Patents are usually granted on a ‘first-to-file’ basis.  An illustration of the implications of this principle comes from a recent Opinion from the UK Intellectual Property Office as to whether the actions of OpenHydro Group Ltd in relation to a sea-bed mounted tidal turbine constitute infringing actions in relation to a patent belonging to Rotech Holdings Limited.

The Opinion notes that OpenHydro also has a patent which illustrates a sea-bed mounted tidal turbine.  However, the 11 April 2007 earliest filing date of that patent is four weeks later than the 14 March 2007 earliest filing date of Rotech’s patent.

Had OpenHydro only filed their patent application five weeks earlier, that application could potentially have invalidated Rotech’s patent and given the patent right to OpenHydro.  In the event, the Opinion concluded that OpenHydro infringed Rotech’s patent.

Earlier research at the Engineering Intellectual Property Research Unit confirms that there is greater risk of coming second in the patent ‘race’ in technical fields - such as green energy - in which there is a high rate of growth in the number of patent applications being filed.

This is but one of many ways of using intellectual property in engineering business.  You should of course seek professional advice on your own particular circumstances.

Saturday, 4 January 2014

A picture paints a thousand words …

… however, where a patent application is concerned, a picture may not always paint the words wished for by the inventors.  Hence the need in a patent application for written claims and detailed technical description.

This was the experience of AP Racing when it went to the UK courts to assert its UK patent for a brake caliper ‘in which each of the stiffening bands has a profile that is asymmetric about a lateral axis of the body when viewed in plan.’  AP Racing had previously added this ‘feature 6’ to the main claim of the patent application during the examination process before the UK IP Office.

According to the court, AP Racing ‘accepted that the text of feature 6 is not to be found in the [original] application document’ but noted that ‘AP Racing also relies on the point that it can be seen simply by looking at the figures [of the original application document] that the peripheral stiffening bands are asymmetrical’.
 
However, the court did not agree with this point, concluding that it did ‘not believe anyone reading the [original] application would have derived from the application a concept at the same level of generality as feature 6’ and declaring the claim invalid on the grounds that extra subject-matter had been added to the application in the course of the examination process.
 
More detail on the challenges in protecting optimised designs of brake calipers can be found in Tirović, M. and Hartwell, I.P. (2013) ‘Design optimisation – challenges in protecting intellectual property’, Int.

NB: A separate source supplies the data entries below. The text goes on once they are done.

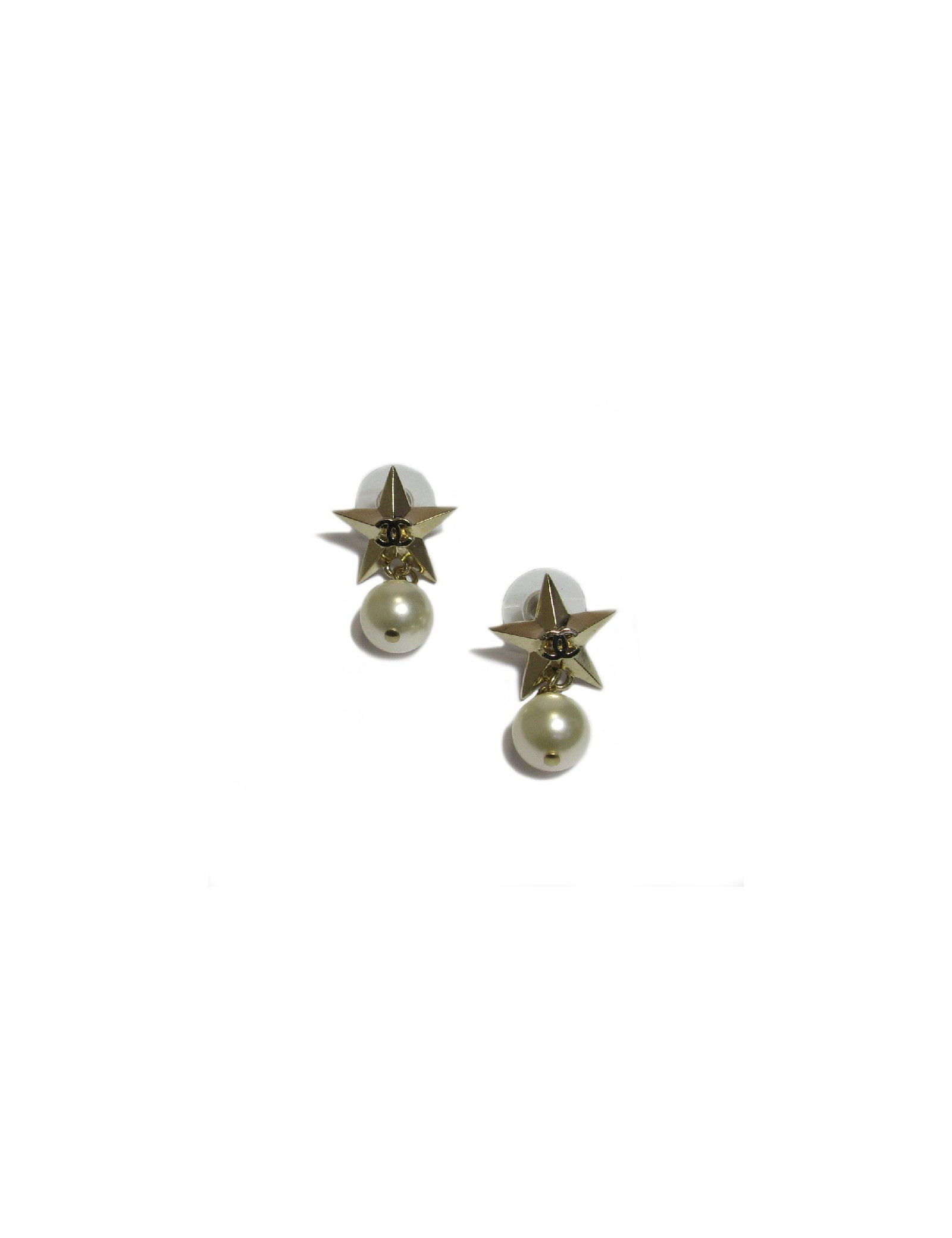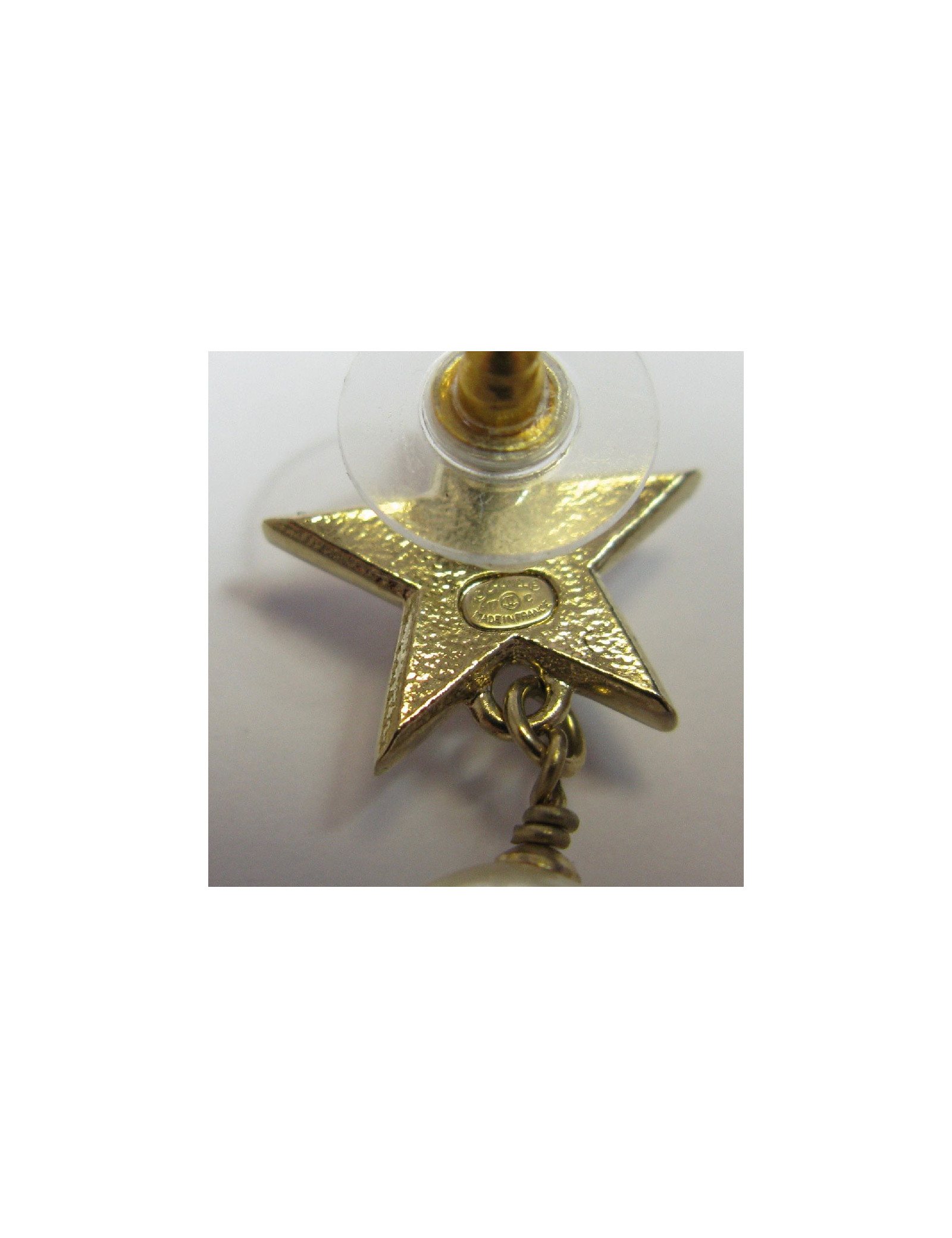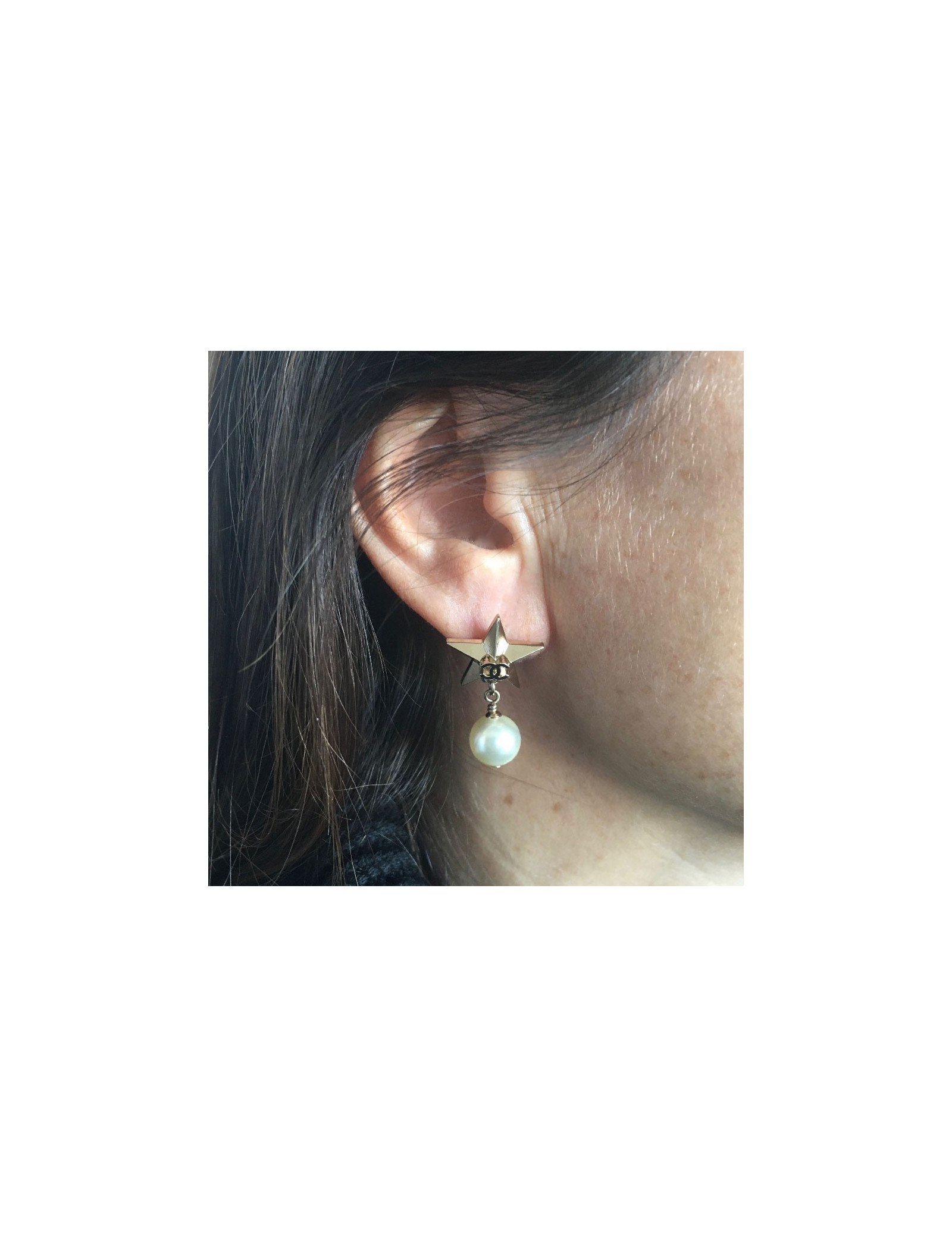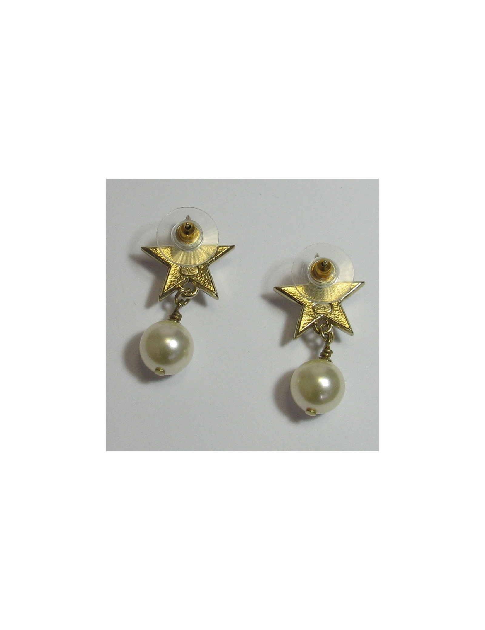 Boucles d'oreille clous Chanel étoile dorée et perle nacrée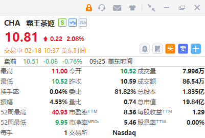 华盛资讯2月18日讯,霸王茶姬涨超2%,摩根大通首予霸王茶姬持有评级,目标价11.5美元;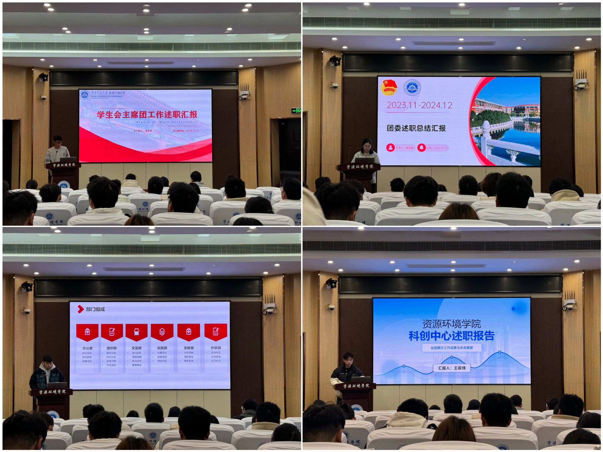在资环楼第Ⅰ学术报告厅召开学生组织述职大会,院学生会骨干以及各学生组织负责人、学生代表参加会议。

J. Intellectual Property Management, Vol. 6, No. 3, pp.159–177.
 
This is but one of many ways of using intellectual property in engineering business.  You should of course seek professional advice on your own particular circumstances.

Monday, 2 September 2013

SoundAlert Ltd

Protected engineering intellectual property can increase the likely financial return from engineering technology and enable more ways of making a financial return.

A recent illustration of the latter comes from the automotive industry. SoundAlert Ltd was formed in the mid-1990's to exploit directional alarm technology developed by a Leeds University professor.  Having protected the technology by patents, the company pursued a licensing business model but went into administration in 2008.

The administrators subsequently pursued a different business model, selling the patents to Kent-based Brigade (BBS-TEK) Ltd.  Brigade then pursued a manufacturing business model, in the course of which they asserted the UK patent against a competing vehicle alarm sold by Leicestershire-based Amber Valley Ltd.
   
This is but one of many ways of using intellectual property in engineering business.  You should of course seek professional advice on your own particular circumstances.